Give back, exactly as written, the lines from the first line of the data below through the line with "聊天开端,用美食和个人感受开启话题通常万无一失,毕竟女生大多是天生的吃货。", and omit the pictures.

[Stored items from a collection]

--

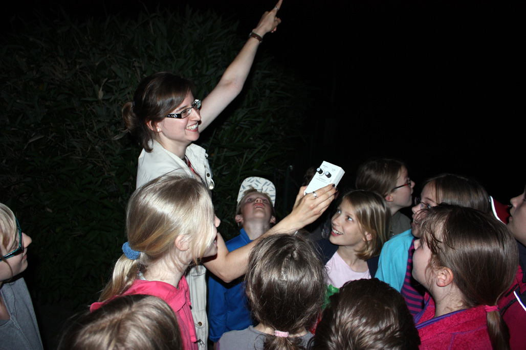 In der Dämmerung lernen die Kinder an verschiedenen Stationen ihre eigenen Sinne kennen, bevor es in einem Rundgang um die Sinne der Tiere geht. Bewaffnet mit Nachtsichtgerät und Fledermaus-Detektor gibt es auf dieser Exkursion Spannendes zu entdecken.
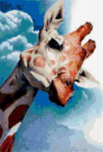 Ориентировочно так, схема вышивки «Жираф», созданная автором azazaz, будет выглядеть при отшиве на канве. Размер данной вышивки равен 129x190 крестов, при этом используется 71 цветов. Ключевые слова, по которым можно найти эту схему: жираф, животные, африка. Также, вы можете взглянуть на оригинальную картинку, соответствующую данной схеме вышивки.
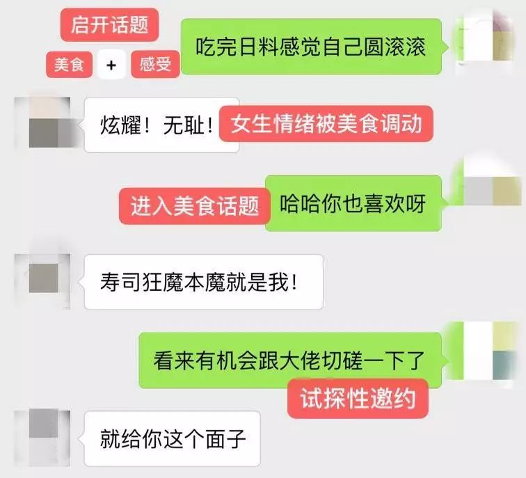 聊天开端,用美食和个人感受开启话题通常万无一失,毕竟女生大多是天生的吃货。
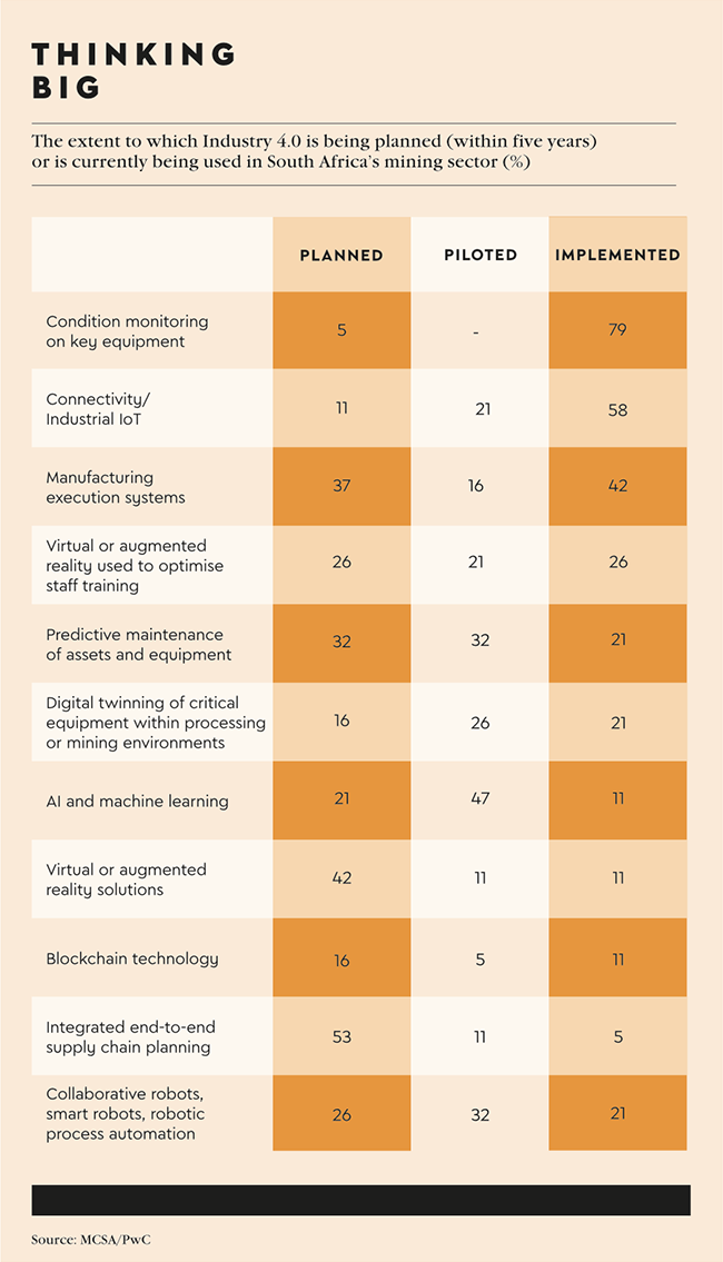 Environmental and social concerns play an important role in the adoption of new tech in mining, and the leading mining companies have embedded ESG in their innovation strategy. Interestingly, a 2021 study on digital transformation, by the MCSA and PwC, revealed that some South African mining companies consider themselves digital champions and innovators that will pilot new technologies without waiting for others to prove it first. The study says that, in fact, all South African mines are by their very nature innovative and tech-savvy, simply by virtue of the ‘hard rock, seismicity, extreme depth and the conditions under which we mine’.
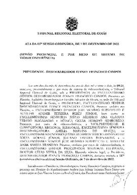 Ata da 117ª Sessão Ordinária do TRE-GO.
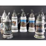 THEO RUHN Bavaria Germany Burgmindheim Beer Steins x 7. A wonderful collection of Steins with figural lids and transparent scenes in the bases. Lavishly decorated with mostly military scenes. All in wonderful condition.
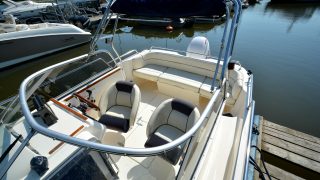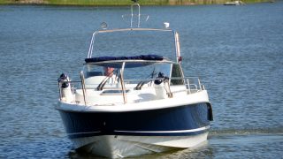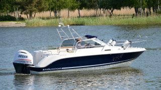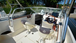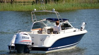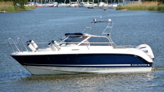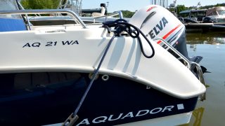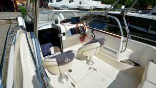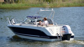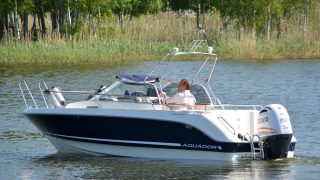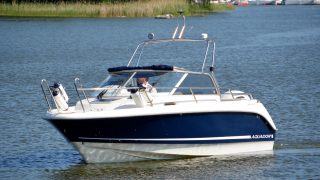Aquador 21 WA är en mycket trevlig båt med stora sociala ytor och bra sovmöjligheter. Med massor av kraft till hands och ett skrov som är vässat för snabb, sportig körning och en enastående känsla av kontroll. Du har god överblick över instrumenten och havet framför dig. Dessutom får du assistans av en GPS som hjälper dig att hålla koncentrationen på sjön.
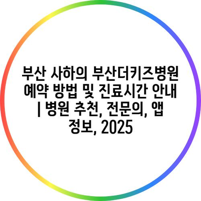 부산 사하의 부산더키즈병원 예약 방법 및 진료시간 공지 | 병원 추천, 전연락, 앱 정보, 2025 에 대해 자주 묻는 질문 TOP 5
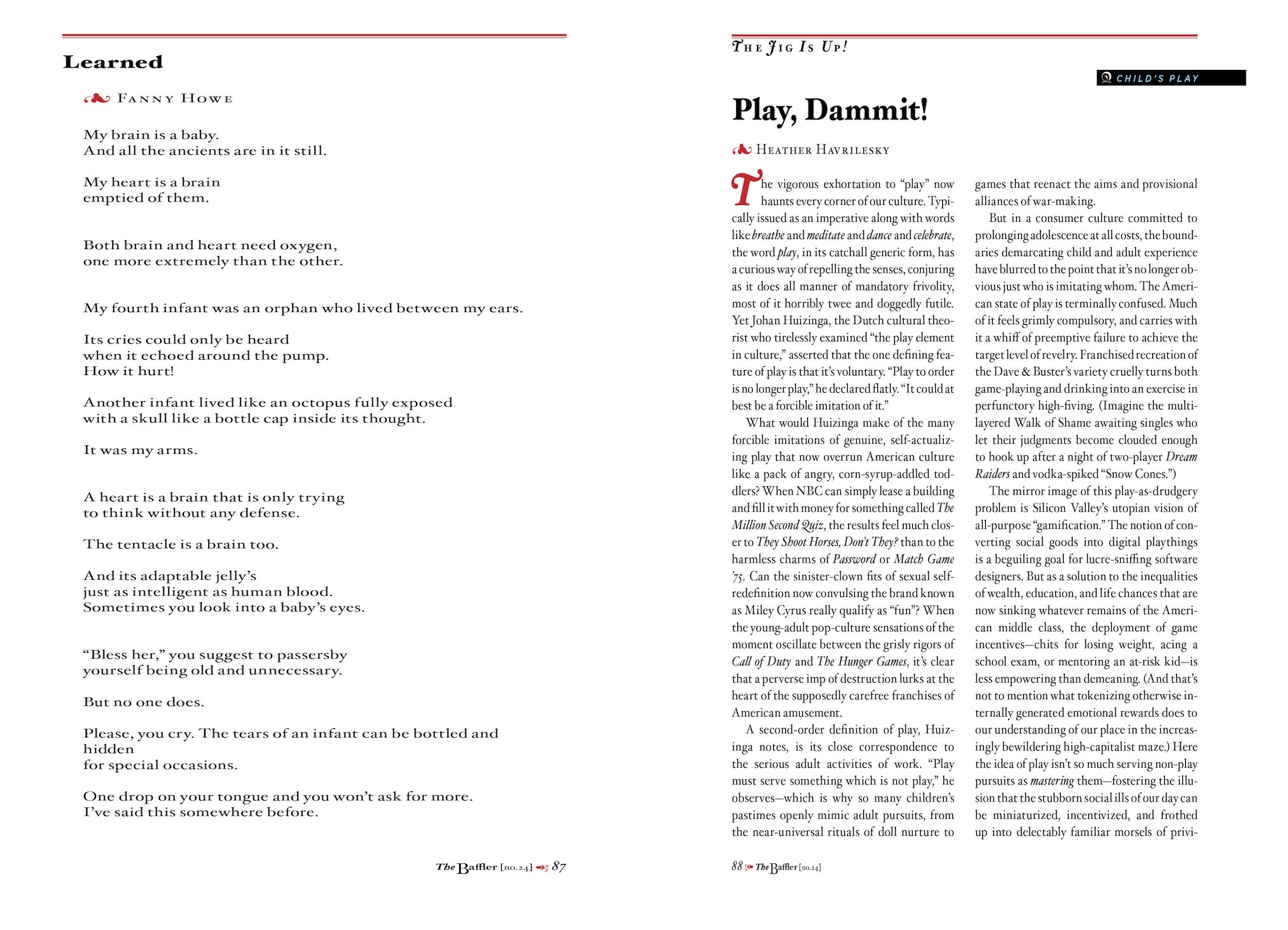 Hey, it’s our play issue, in which David Graeber hopscotches over the robotic universe of contemporary science and winds up inventing a new law of reality. Barbara Ehrenreich calls for a science that can explain why fun is fun. John Summers reports from “The People’s Republic of Zuckerstan”—once known as the liberal community of Cambridge, Massachusetts, now a playground for startup science and tech professionals. Gene Seymour rescues science fiction from the warped real-world utopias of certain plutocratic cybervisionaries. Andrew Bacevich dances on the grave of Tom Clancy, the recently departed hack thriller writer. Ian Bogost analyzes the addiction economy lurking behind cutting-edge free-to-play videogames, while Rhonda Lieberman walks us through the trophy rooms of leisure-class art hoarders.
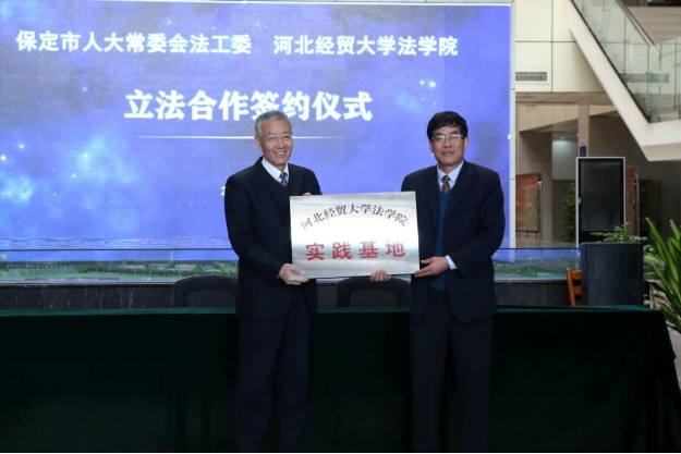 在与会领导见证下,我校36365线路检测中心入口院长王利军与保定市人大常委会法工委主任赵勇签署合作协议,36365线路检测中心入口党委书记武玉鹏向赵勇授实践基地牌匾。保定市方志馆馆长张积涛向我校捐赠图书,我校图书馆馆长武占江代表学校图书馆接受捐赠。
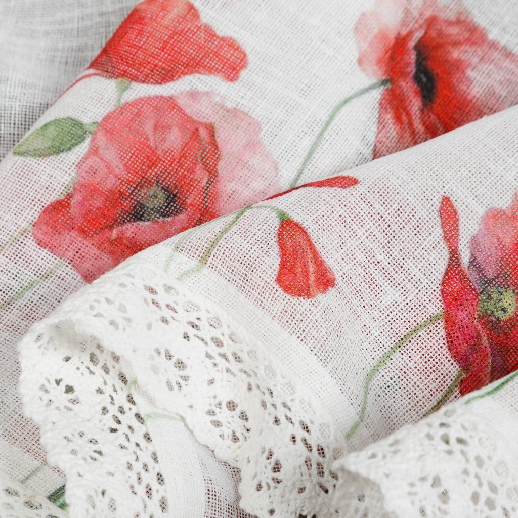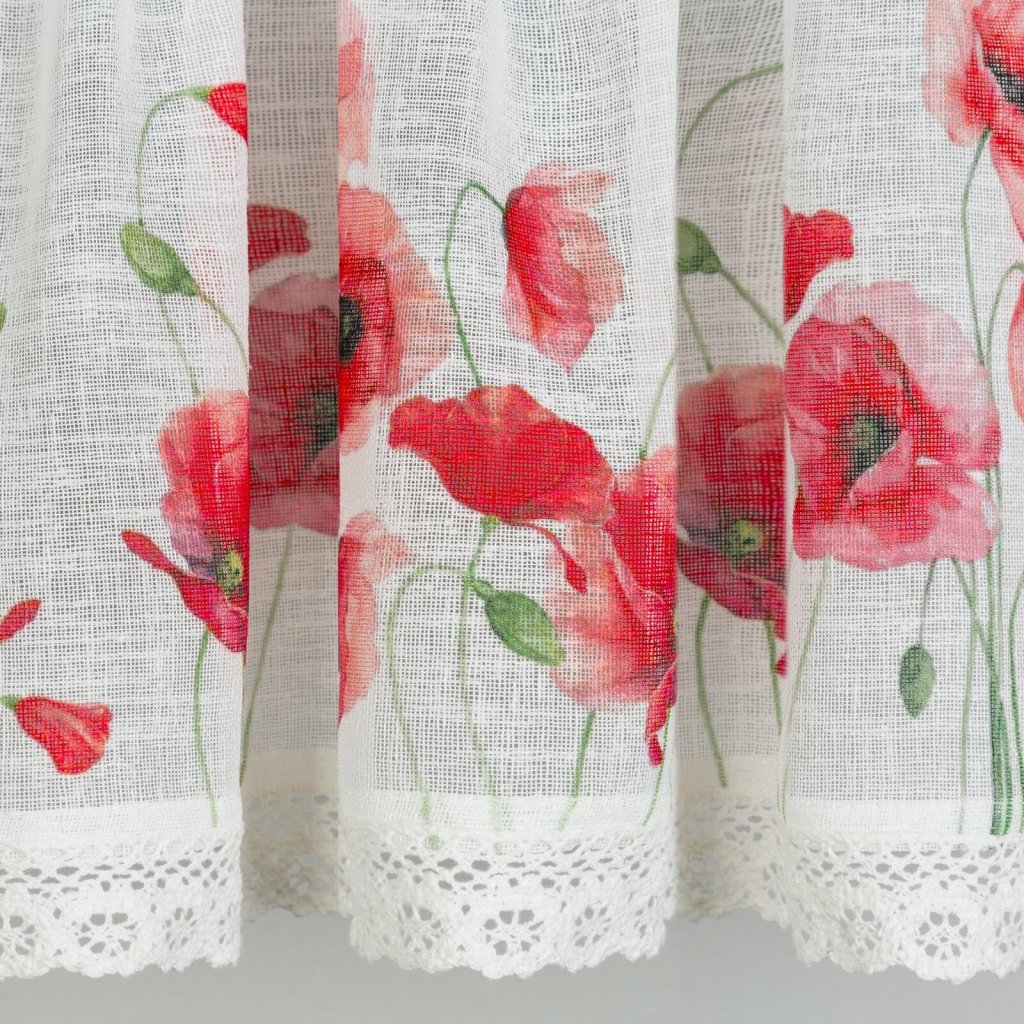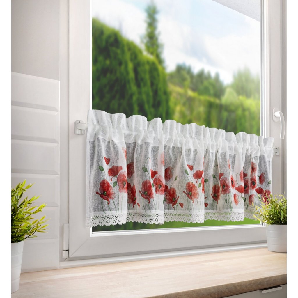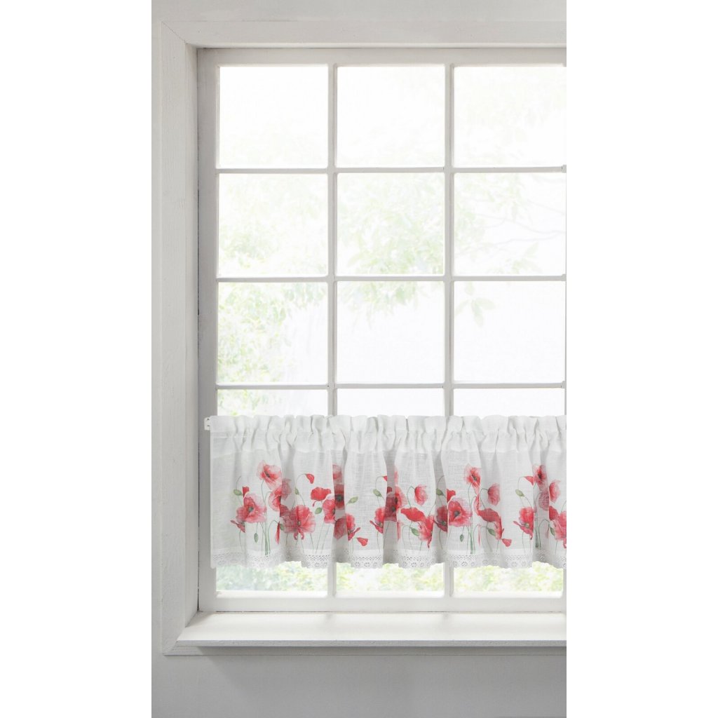 Záclona s potiskem zdobená krajkou. Šířka: 150 cm, délka: 30 cm, barva: bílá / vícebarevná, hmotnost: 165 GSM, složení: 100 % polyesterDoplňkové parametry
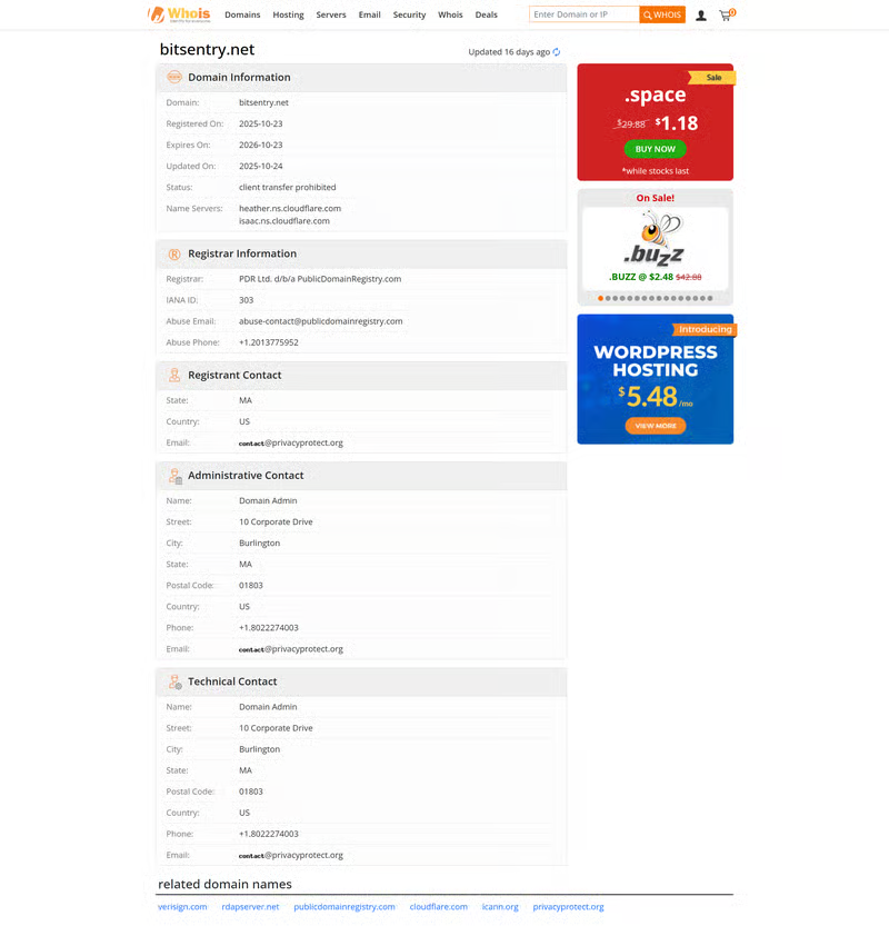 Public Whois data shows that the domain bitsentry.net was registered on October 23, 2025, with an update occurring the following day. From an industry perspective, such a short domain lifespan usually indicates a platform in its earliest operational phase rather than an established trading service.

--

Answer for the task
 In der Dämmerung lernen die Kinder an verschiedenen Stationen ihre eigenen Sinne kennen, bevor es in einem Rundgang um die Sinne der Tiere geht. Bewaffnet mit Nachtsichtgerät und Fledermaus-Detektor gibt es auf dieser Exkursion Spannendes zu entdecken.
 Ориентировочно так, схема вышивки «Жираф», созданная автором azazaz, будет выглядеть при отшиве на канве. Размер данной вышивки равен 129x190 крестов, при этом используется 71 цветов. Ключевые слова, по которым можно найти эту схему: жираф, животные, африка. Также, вы можете взглянуть на оригинальную картинку, соответствующую данной схеме вышивки.
 聊天开端,用美食和个人感受开启话题通常万无一失,毕竟女生大多是天生的吃货。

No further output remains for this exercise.